Honorine dormait là-bas, dans le grand lit vendéen de la cuisine, mais sa sérénité de gros bébé qu'Angélique avait contemplée tant de fois avec ravissement était troublée. Elle s'agitait et pleurait dans son sommeil. Aujourd'hui encore elle avait été entourée de visages menaçants et elle avait senti la peur de sa mère. Abigaël la veillait en priant pour Angélique, les mains jointes. Laurier peut-être était éveillé comme au temps où il dormait dans le grenier. Il écoutait le pas tourmenté de son père dans la chambre voisine.
– Comment pourrais-je les oublier ? Vous m'avez dit tout à l'heure que je ne laissais derrière moi que décombres... Alors, aidez-moi, au moins, à sauver ceux-là, quelques débris.
– Ces hommes, ces Huguenots ? Que font-ils... Je veux dire quels sont leurs métiers ?
Il posait les questions avec brusquerie, en tordant sa barbe d'un poing nerveux. À ce signe de perplexité chez un homme qu'elle avait vu en maintes circonstances maître de lui-même, elle comprit que la partie était inexplicablement gagnée.
Son visage s'illumina.
– Ne triomphez pas, lui dit-il, même si j'ai l'air de céder à vos instances pour cette affaire, ce n'est pas vous qui sortirez gagnante.
– Que m'importe ! Si vous consentez à les prendre à votre bord et à les soustraire ainsi à la prison et à la mort, que peut faire le reste ? Je paierai cent fois !
– Des mots ! vous ignorez le prix que je compte vous faire payer. Votre confiance à mon égard confine à la naïveté. Je suis un pirate des mers et vous pourriez réfléchir que mon métier ne consiste pas à sauver des vies humaines mais à les supprimer, plutôt. Les femmes comme vous ne devraient se mêler que d'amour.

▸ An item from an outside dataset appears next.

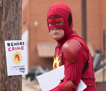 Su vida es deprimente, su esposa se va con un traficante de drogas y, en un momento de inspiración, se convierte en superhéroe, pero sin superpoderes.
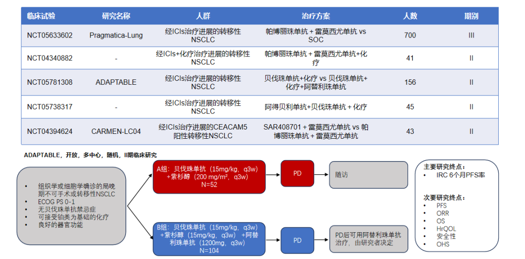 MORPHEUS-Lung研究:旨在探索阿替利珠单抗和贝伐珠单抗±放疗对比多西他赛治疗检查点抑制剂经治的转移性NSCLC疗效及安全性。结果提示了阿替利珠单抗联合贝伐珠单抗或可成为CPI经治的mNSCLC患者的潜在治疗选择。

– Mais c'est une question d'amour.
– Ah ! ne philosophez pas, s'écria-t-il, ou je ne vous charge sur mon bateau que pour aller vous noyer au large ! Vous étiez moins bavarde à Candie et infiniment plus plaisante ! Répondez à mes questions : quel genre de personnages me demandez-vous d'embarquer à part des femmes pieuses – la pire espèce – et des marmots braillards ?
– Il y a parmi eux un des grands armateurs de La Rochelle, M. Manigault, et des négociants habitués au commerce des mers. Ils possèdent aux Iles...

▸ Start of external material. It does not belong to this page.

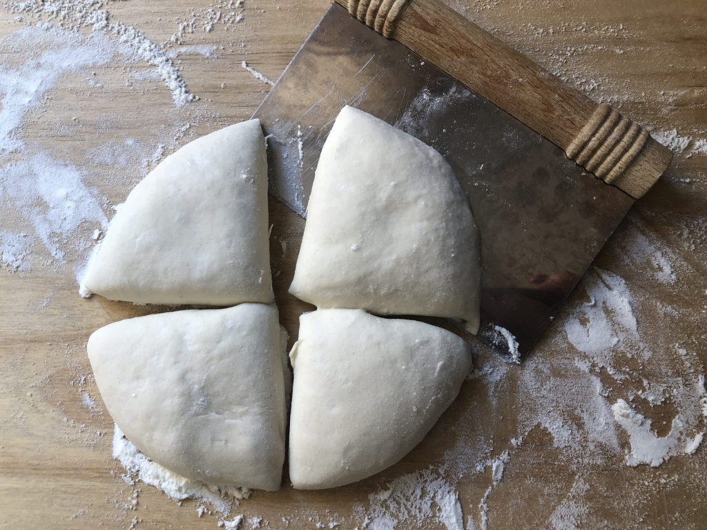 Après le temps de repos, diviser la pâte en 4 morceaux.
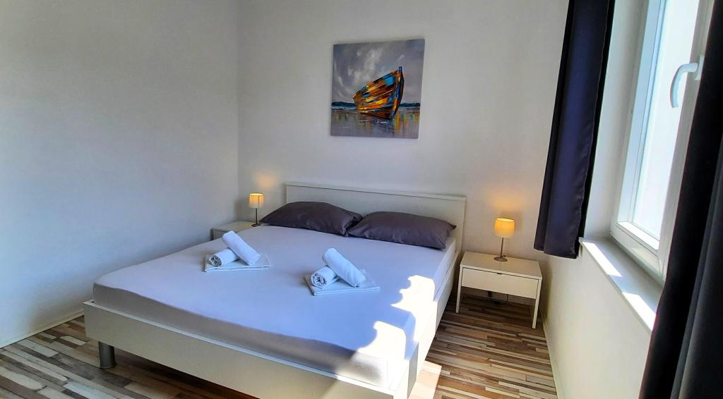 Bine ați venit la Dalona Apartments! Situate la doar câteva minute de centrul istoric al orașului Pag, Dalona Apartments oferă combinația perfectă între confort, design modern și caracter practic. Fiecare apartament este complet echipat și ideal pentru familii, cupluri sau prieteni care doresc să se bucure de o atmosferă autentică a insulei. Transferul de la/la aeroport este disponibil la cerere.

– Le groupe comporte-t-il des artisans ?
– Un charpentier et son apprenti.
– Voilà qui est mieux...
– Un boulanger, deux pêcheurs. Ce sont d'anciens navigateurs qui avaient organisé une petite flottille pour ravitailler la Halle aux poissons de La Rochelle. Ils espèrent pouvoir reprendre leur commerce, aux îles. Il y a aussi M. Merlot, qui est fabricant de papier, maître Jonas, l'horloger...
– Des inutiles !
– Maître Carrère, l'avocat.
– De pire en pire.
– Un médecin...
– Ah ! cela suffit... Embarquons-les puisque vous voulez les sauver... tous. Je n'ai jamais connu de femme aussi envahissante. Et maintenant, chère marquise, pouvez-vous me soumettre un plan qui permette de mener à bien votre caprice ? Je ne tiens pas à m'éterniser dans ce trou à crabes où j'ai eu la sottise d'aller me fourrer. Je comptais partir à l'aube. J'attendrai au plus la prochaine marée, en fin de matinée.
– Nous serons au rendez-vous sur la falaise, dit-elle en se levant radieuse. Je vais les chercher.